(Information shown Opens)

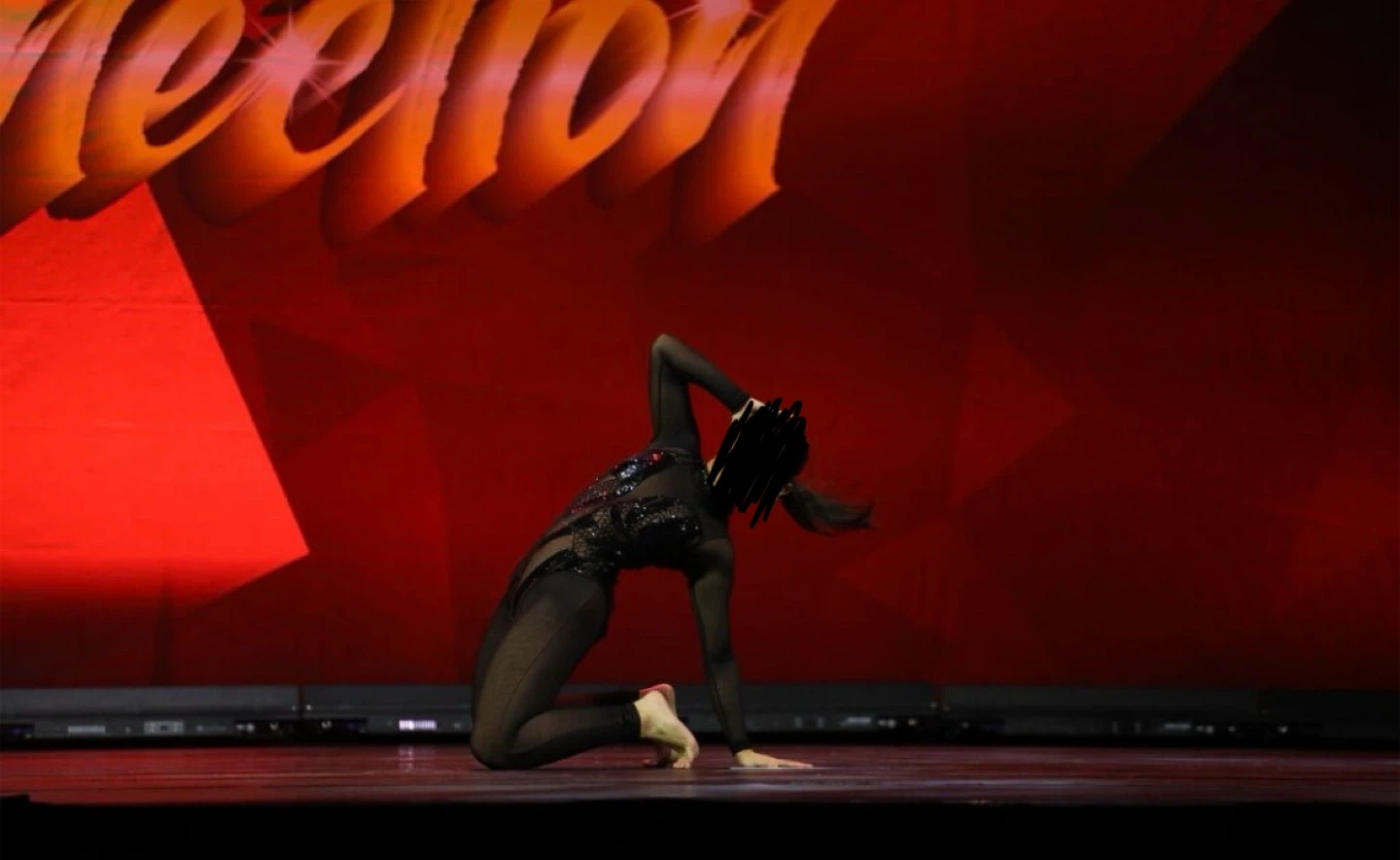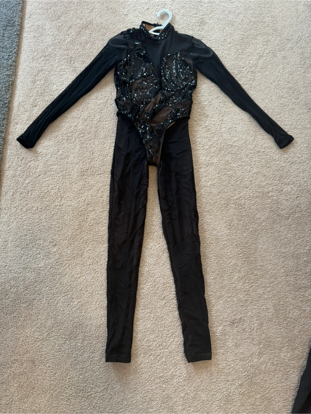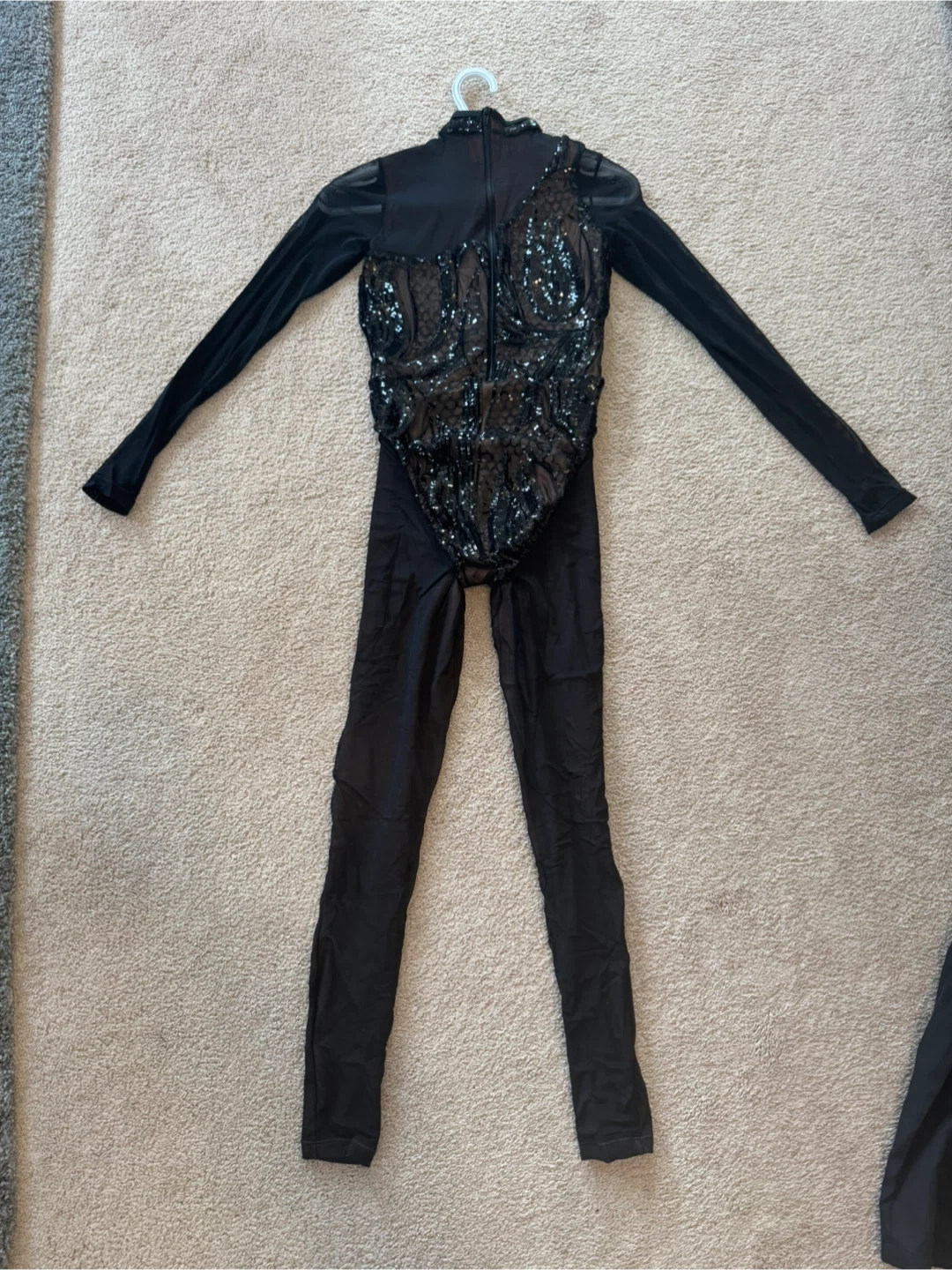 This is a black, long-sleeved dance costume. It features a sparkly sequined bodice with sheer mesh accents and attached tights. Perfect for performances!
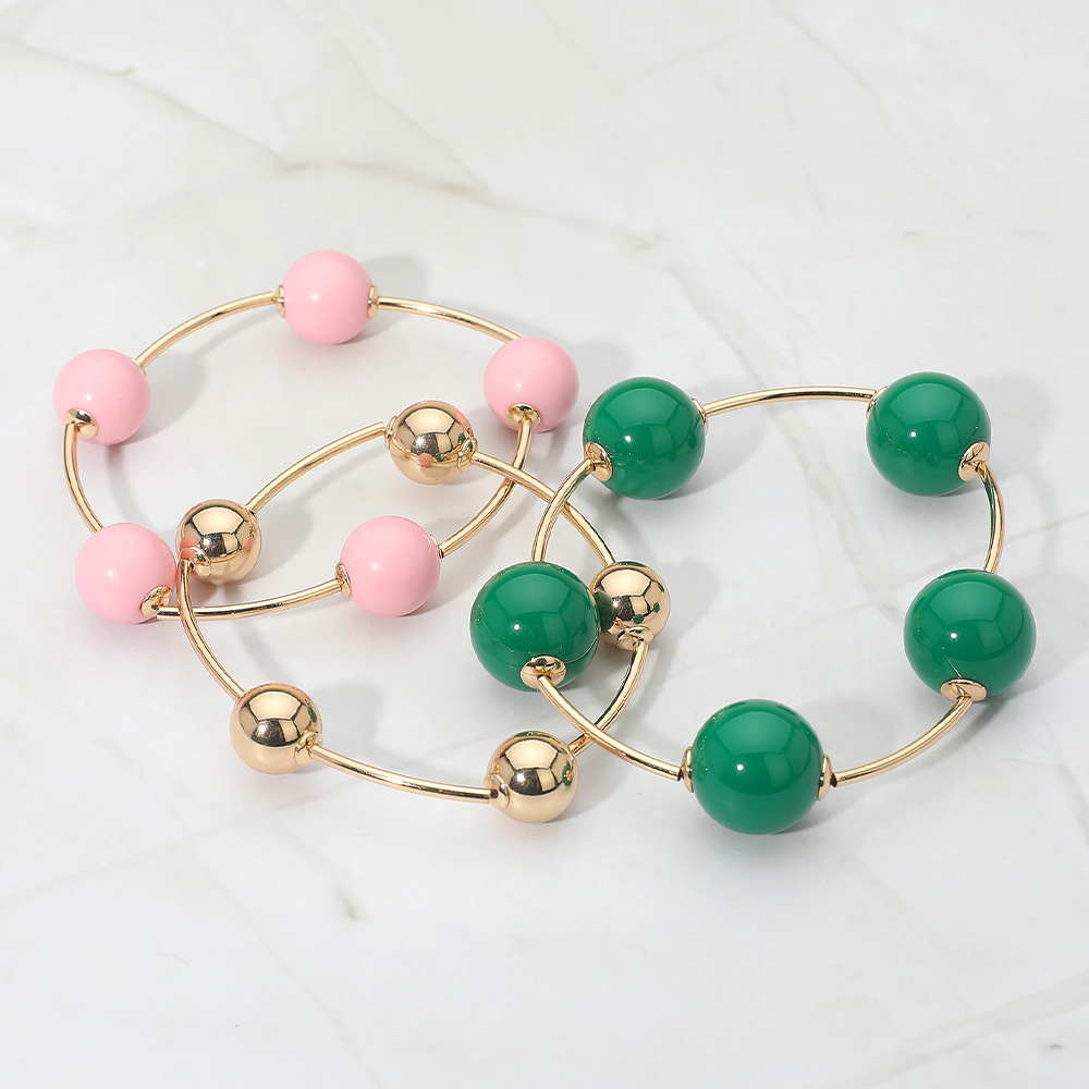 Details • Size : 1.75" H • Stretchable • Trendy bangle bracelet featuring bold round beads arranged on sleek bands for a playful and modern look. A fun statement piece that adds personality and charm to any outfit, perfect for stacking or wearing solo with stylish flair. • Lead and Nickel Compliant
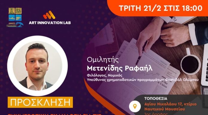 Δήμος Δίου-Ολύμπου: Ενημερωτική εκδήλωση για τις επιχορηγήσεις δράσεων σύγχρονου πολιτισμού την Τρίτη 21 Φεβρουαρίου Ο Οργανισμός Πολιτισμού-Αθλητισμού του Δήμου Δίου-Ολύμπου (ΟΠΑΔΔΟ) σε συνεργασία με την...
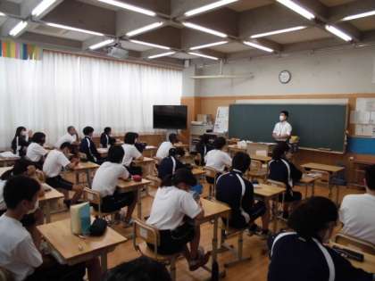 式のあとは生徒会より,夏休みに行われた「リーダー研修会」についての報告がありました。これからの生徒会の取組に期待します。
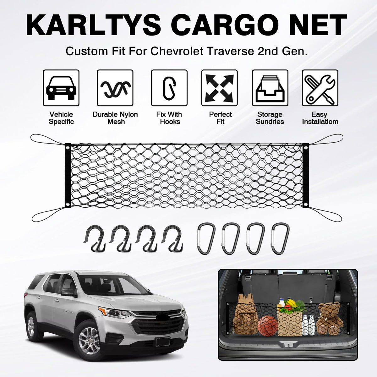 Karltys Envelope Cargo Net--A Must Have for Chevy Traverse Owners. Vehicle Specific: Only designed for Chevy /Cheverolet Traverse 2018-2024 2025. Please check your vehicle and its model year before purchase. Why Choose Karltys Trunk Cargo Net? Original car specifications, custom fit to your cargo area. Envelope style, elastic and stretchy, can accommodate a wide variety of shapes and sizes. Vertical design helps keep items contained while opening and closing the hatch. Premium nylon mesh netting, odorless, durable and stain-resistant. Perfect for keeping items from rolling around or getting damaged. Quick and easy installation. No tools or trimming required. Easy to remove and store when not in use. Package Includes: 1* Envelope Style Cargo Net 4* Metal Hooks 4* Plastic Hooks

(Information shown Closes)

## Task
From the line that contains "Details • Size" to the last line of the records above, copy each line exactly, both ends included, and leave the pictures out.

## Answer to this exercise
 Details • Size : 1.75" H • Stretchable • Trendy bangle bracelet featuring bold round beads arranged on sleek bands for a playful and modern look. A fun statement piece that adds personality and charm to any outfit, perfect for stacking or wearing solo with stylish flair. • Lead and Nickel Compliant
 Δήμος Δίου-Ολύμπου: Ενημερωτική εκδήλωση για τις επιχορηγήσεις δράσεων σύγχρονου πολιτισμού την Τρίτη 21 Φεβρουαρίου Ο Οργανισμός Πολιτισμού-Αθλητισμού του Δήμου Δίου-Ολύμπου (ΟΠΑΔΔΟ) σε συνεργασία με την...
 式のあとは生徒会より,夏休みに行われた「リーダー研修会」についての報告がありました。これからの生徒会の取組に期待します。
 Karltys Envelope Cargo Net--A Must Have for Chevy Traverse Owners. Vehicle Specific: Only designed for Chevy /Cheverolet Traverse 2018-2024 2025. Please check your vehicle and its model year before purchase. Why Choose Karltys Trunk Cargo Net? Original car specifications, custom fit to your cargo area. Envelope style, elastic and stretchy, can accommodate a wide variety of shapes and sizes. Vertical design helps keep items contained while opening and closing the hatch. Premium nylon mesh netting, odorless, durable and stain-resistant. Perfect for keeping items from rolling around or getting damaged. Quick and easy installation. No tools or trimming required. Easy to remove and store when not in use. Package Includes: 1* Envelope Style Cargo Net 4* Metal Hooks 4* Plastic Hooks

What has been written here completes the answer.